A great commentary today in the newspaper Dagbladet (the same newspaper who has defended the LP trial in several articles and attacked those who criticise it). The commentary is written by an independent author called Camara Lundestad Joof who shares a weekly column with a few other authors/intellectuals.
Camara L. Joof writes about catching Epstein Barr virus when she was 14 and that her younger sister also got it. Camara suffered from post viral illness, but eventually got better. Her sister however developed ME and is still sick 19 years later.
Camara then writes about the planned study on Lightning Process, and that she has been following the debate.

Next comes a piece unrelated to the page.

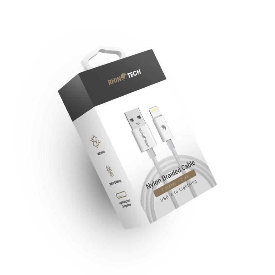 RhinoTech kabel s nylonovým opletem USB-C na Lightning 27W 1M bílá

She says she contributed to push her sister ten years ago into trying LP. What worries her most was seeing how her sister got trained in lying. If she let any negative thoughts in, she would make herself ill again. When asking how she was doing, she said she bubbled over with energy and that she did not "do" symptoms any longer. In the end her sister collapsed and ended up even worse than she was before LP.
Camara says it's important that family and relatives speak up against the suspicion ME patients are met with.
When you say that ME is something that can be thought or motivated away, you put the burden of getting well on the patient. The responsibility is removed from the health service, from the doctors and the authorities. The bedridden person experiences the message is if you're lying there, you have only yourself to thank. Your illness becomes a choice, and you just don't want enough to get up . That's pretty insane.